Federal Oversight of Medicare Advantage Networks Lacks Enforcement Despite Common Complaints

Introduction to Medicare Advantage Network Issues

As individuals age, they often face unexpected health challenges and serious illnesses. Maintaining long-term relationships with trusted healthcare providers can make these challenges more manageable. However, when these relationships are disrupted, especially during a health crisis, it can be distressing. Federal regulations are designed to protect individuals with Medicare Advantage plans from losing access to their healthcare providers due to contract disputes between insurers and providers. Despite these regulations, enforcement appears to be lacking.

Limited Enforcement of Network Adequacy Rules

Documents obtained by KFF Health News reveal that the Centers for Medicare & Medicaid Services (CMS), the agency responsible for overseeing Medicare Advantage, has taken minimal action to enforce rules ensuring that approximately 35 million plan members have access to necessary healthcare providers. From 2016 to 2022, CMS sent letters to only five insurers regarding seven plans that failed to meet network adequacy requirements, potentially impacting patient care.

Insufficient Provider Networks

According to CMS officials, some plans lacked sufficient primary care clinicians, specialists, or hospitals. The agency warned that failing to meet these requirements could lead to marketing and enrollment freezes, fines, or even plan closures. However, CMS did not provide detailed explanations for the limited number of identified violations, stating that the findings were based on targeted reviews rather than comprehensive audits.

State-Level Awareness and Concerns

State officials, including directors of the State Health Insurance Assistance Program, were not notified of these violations. David Lipschutz, co-director of the Center for Medicare Advocacy, expressed skepticism about the low number of reported violations, noting frequent complaints from individuals, particularly in rural areas, who struggle to find contracted providers.

Popularity and Challenges of Medicare Advantage

Medicare Advantage is a popular alternative to traditional Medicare, offering lower out-of-pocket costs and additional benefits such as vision, dental, and hearing care. However, these plans typically require members to use specific networks of doctors and hospitals. In 2025, 54% of the 63 million Americans eligible for Medicare chose Advantage plans. Despite their popularity, conflicts between Advantage plans and healthcare providers are common, with numerous hospital systems severing ties with plans over payment disputes.

Impact on Beneficiaries

After March, Medicare Advantage beneficiaries are generally locked into their plans for the year, with the annual open enrollment period running until December 7 for coverage starting January 1. However, healthcare providers can leave plans at any time, potentially leaving members without access to preferred doctors or hospitals midyear. In such cases, CMS may grant a “special enrollment period” (SEP) allowing members to switch plans or enroll in traditional Medicare.

Opaque SEP Determination Process

The process for determining who qualifies for an SEP is unclear, even to state insurance regulators and U.S. senators overseeing federal health programs. Senators Ron Wyden and Mark Warner have requested an explanation from CMS Administrator Mehmet Oz regarding the opaque SEP determination process, emphasizing the need for transparency to protect seniors.

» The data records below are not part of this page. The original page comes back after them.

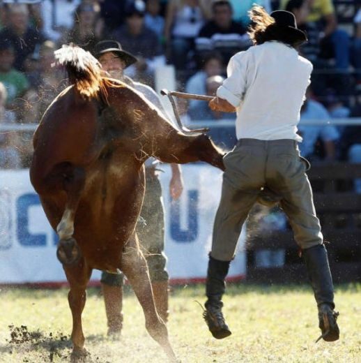 Интересно, цистерна с газом на перевернувшимся тягоче бахнула? И очень понравилось фото, где конь залимонил по бубенцам бравому кавбою так, что он обделался-:)))
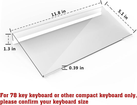 Acrylic Tilted Computer Keyboard Stand for Compact Keyboard, 78 Keys Keyboard, with White Silicone Strip, 11.8 Inch Width
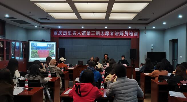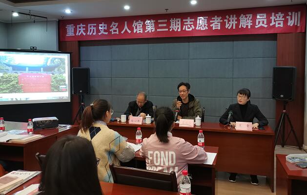 曾建伟馆长在讲话中,向参加培训的志愿者表示欢迎,向大家介绍历史名人和名人文化的内涵、志愿者工作的重要意义,并对志愿者讲解员提出要求。重庆市人民政府文史研究馆馆员、重庆第二师范学院文学与传媒系教授赵心宪,以“历史名人馆建馆的价值导向与参观的现实意义”为题,阐述历史名人馆的价值导向、表现艺术等内容。重庆宋庆龄故居管理处主任、文博副研究馆员王玉茹则从实践经验方面,用具体案例诠释讲解技巧。培训既有丰富的历史文化知识,又有行之有效的讲解经验,令参加培训的志愿者感到收获颇丰,不时报以热烈掌声。

CMS’s Call for Industry Cooperation

At a recent conference, Oz encouraged Medicare Advantage insurers to assist CMS in identifying and addressing fraud within the program. He urged insurers to act as an “early-warning system” and report any issues they observe.

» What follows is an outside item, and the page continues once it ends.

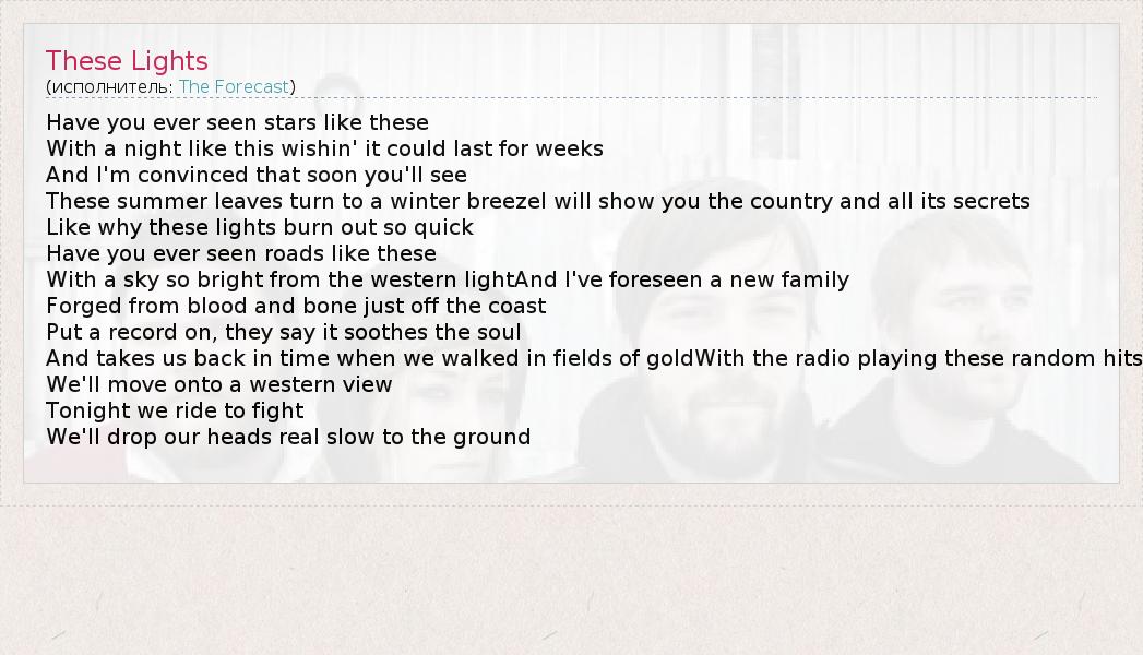 Это интересно:Season's First Rain - эмопанк группа, созданная в городе Барнаул (Алтайский Край) в 2010 году в составе Таня - ударные, Рома - гитара, Стас - вокал. Решено было играть то, что получалось, так как никто особо играть то и не умел. Первые концерты проходили на полуработающем почти заброшенном заводе, где число зрителей варьировалось от 5 до 30. В первые месяцы существования были записаны собственноручно... продолжение

Details from CMS Violation Letters

KFF Health News obtained six letters from CMS to five insurers regarding network adequacy violations. These letters highlighted missing medical specialists or facilities and, in some cases, requested that plans allow members to receive out-of-network care at no additional cost. Some letters required corrective action plans and set deadlines for resolving issues, warning of potential penalties for non-compliance.

Lack of Penalties and Resolution Information

Despite CMS’s authority to impose sanctions or penalties for non-compliance, the agency has never done so, according to the Medicare Payment Advisory Commission. The lack of information on whether violations were resolved or resulted in penalties raises concerns about the effectiveness of CMS’s enforcement efforts.

Case Studies of Network Violations

Several case studies illustrate the impact of network violations. For example, Vitality Health Plan of California faced a network adequacy violation in 2020 after multiple hospitals and nursing homes left its network. CMS granted a special enrollment period for affected members, but local program managers were unaware of the violation at the time.

Federal Requirements and Compliance Checks

Federal law mandates that Medicare Advantage plans include a minimum number of healthcare providers and facilities within specific distances and travel times. Compliance is checked every three years or more frequently if complaints are received. However, network adequacy can vary significantly even within a single county.

Conclusion

The limited enforcement of Medicare Advantage network adequacy rules raises concerns about beneficiaries’ access to timely and necessary care. While traditional Medicare offers broader provider access, the popularity of Medicare Advantage plans continues to grow. Ensuring that these plans meet federal requirements is crucial to maintaining trust and protecting the health of millions of Americans.